The concept album belongs to the late 1960s as a cultural phenomenon, a time of wilful excess in sound, thought and ego. Kraftwerk made concept albums, too, although theirs were set and fixed on more minimal lines. Take this 22-minute journey from door slam and accelerator roar – a device echoed in Roxy Music’s Love Is the Drug a year later – through a largely blissful, but occasionally sinister, on-the-road reverie. Autobahn’s genius lies in its simplicity. The two gentle notes crossing an octave between verses. The sweet, nursery-rhyme melody with its lyrical nod to the Beach Boys, which Hütter has occasionally denied but occasionally entertained (“fun, fun, fun” becoming “wir fahr’n, fahr’n, fahr’n”). The visceral impact of the Vocoder, speaking the title sweetly, and then, through distortion, terrifyingly. Here were the euphoric and eerie faces of the future, an edit of which, miraculously, became a No 11 UK hit.

3. Radioland

The title of 1975’s Radio-Activity was a conscious play on words, exploring two revolutions made possible by early-20th-century science – radio transmission (the potential of communication) and the process of atom-splitting (the potential of the nuclear bomb). Consequently, the album’s mood is often unnerving, especially in the first track, Geiger Counter, which features a pulse quickening rapidly before the title track appears. However, there is hope in some tracks, with Radioland phosphorescing gently in clouds of gentle reverb. Here is wide-eyed, childlike optimism about what new technologies could do, not about the terrors that they could deliver.

4. Trans-Europe Express

Kraftwerk’s explorations of German identity and the idea of Europe were always interesting, especially at a time when the iron curtain hung heavily. This was the title track of an album that began with a sweet major-key ditty called Europe Endless, and ended with its reprise, Endless Endless, both projecting from the speakers like beacons of hope (unless you equated the titles with older visions of empire). This track felt different. Projecting the template of Autobahn on to the rails, it lionised the continental luxury TEE train service, which until the late 70s was only for first-class, usually business passengers. Its lyrics are spare but exotic. We leave Paris in the morning; by the evening, we’re in a late-night cafe in Vienna, like Edward Hopper’s Nighthawks; we then return to Düsseldorf, where we meet Iggy Pop and David Bowie. (By this time, Kraftwerk were influencing the Berlin-dwelling proto punk and pop chameleon strongly, so much so that Bowie’s 1977 album “Heroes” would contain a tribute called V-2 Schneider.) This track, in all sorts of ways, is about movement. Its title is rhythmically repeated, synthesiser sounds conjuring up the brutal machinations of metal on metal.
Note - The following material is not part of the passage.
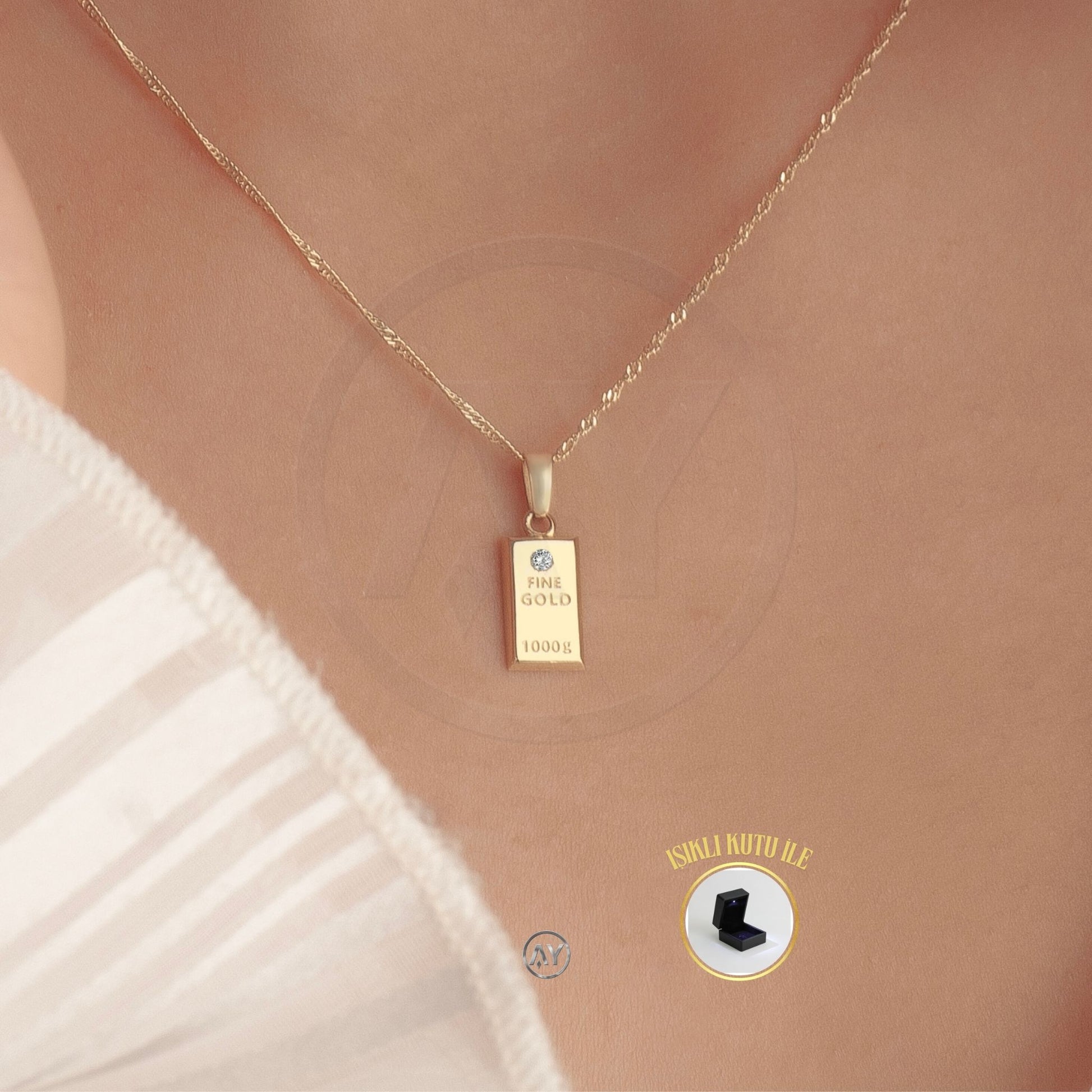 Ürün Özellikleri: 14 Ayar Altın, Singapur Zincirli Külçe Kolye, Ağırlık: 2.25 gr, ışıklı özel mücevher kutusu, garanti sertifikalı ve güvenli gönderim.

These industrial sounds would connect with other global cities, too, Trans-Europe Express being the first Kraftwerk track to hit clubs in America.

5. Spacelab

Music about space had been a rich vein in pop culture since the late 1950s, but, by the late 70s, electronics were bringing new sounds and style to the mix. Among the cosmic disco and space-pop that teemed out of Europe at the time, this track from 1978’s Man-Machine conveyed beautifully the wonder of the great beyond. It was named after the reusable laboratory being developed by Nasa at the time. A future in space was still a sci-fi prospect back then, its soundtrack made by men who sounded more like machines.

6. The Model

Four years after it was a track on The Man-Machine (1978), The Model reached No 1 in the UK singles chart. Why it took so long is simple: British synthpop was in full flow by then, with groups such as the Human League and OMD taking the influence of their German inspirations into the mainstream. Until the mid-80s, Kraftwerk had always been ahead of the game with their sounds and their subject; now the world was catching up. The Model also involved Ralf Hütter singing, something he’d done on the somewhat cartoonish Showroom Dummies from Trans-Europe Express. Here his vocal is naively confident in some lines (“I’d like to take her home, that’s understood”) and sweetly nervous in others (“Now she’s a big success, I want to meet her again”). The lyric also belies the bewitching nature of fame and surface gloss, an appropriate sentiment for the decade that was flashily unfurling.

7. Numbers (live)

After Computer World (1981), Kraftwerk’s influence on electronic music became more widespread, with electro and techno being directly inspired by the album’s sounds, textures and rhythms. In 1982, Afrika Bambaataa rerecorded the Trans-Europe Express riff over a sample from Numbers to make the hip-hop classic Planet Rock. In 1983, Juan Atkins sampled the racing, percussive melody from Home Computer for his band Cybotron’s classic electro track, Clear. Numbers’ main rhythm is one of artfully managed melodic chaos, the sound of digits being fed into a system and bubbling up and down in fascinating patterns – imagine the stock market but more volatile, more important, more fun. This live version from the Minimum Maximum album of 2005 shows the track’s propulsive power in full, dazzling effect.

8. Tour de France

Kraftwerk are often dismissed as faceless automatons, but the presence of the human being in their songs is essential to their DNA. In The Hall of Mirrors (1977), even the greatest stars find themselves in the looking glass. In Computer Love (1981), lonely people stare at the TV screen, longing for a rendezvous. In Tour de France (1983), the human breath drives the song, fast, hard and strong. After paeans to the car and the train, the bicycle might have seemed an odd choice – as if Kraftwerk’s whole career had been sponsored by a transport initiative – but it had a personal connection with its frontman, Ralf Hütter. A borderline obsessive cyclist by the early 80s, he suffered a fractured skull after falling from his bike in 1983 and was in hospital for several days. (John Harris tried to glean more details for the Guardian in 2009.) Released on 7in, 12in and cassette, and originally planned to be released on Electric Cafe (1986), no definitive edition of this gleaming track exists. This 2009 remaster, however, is a slick, fast favourite.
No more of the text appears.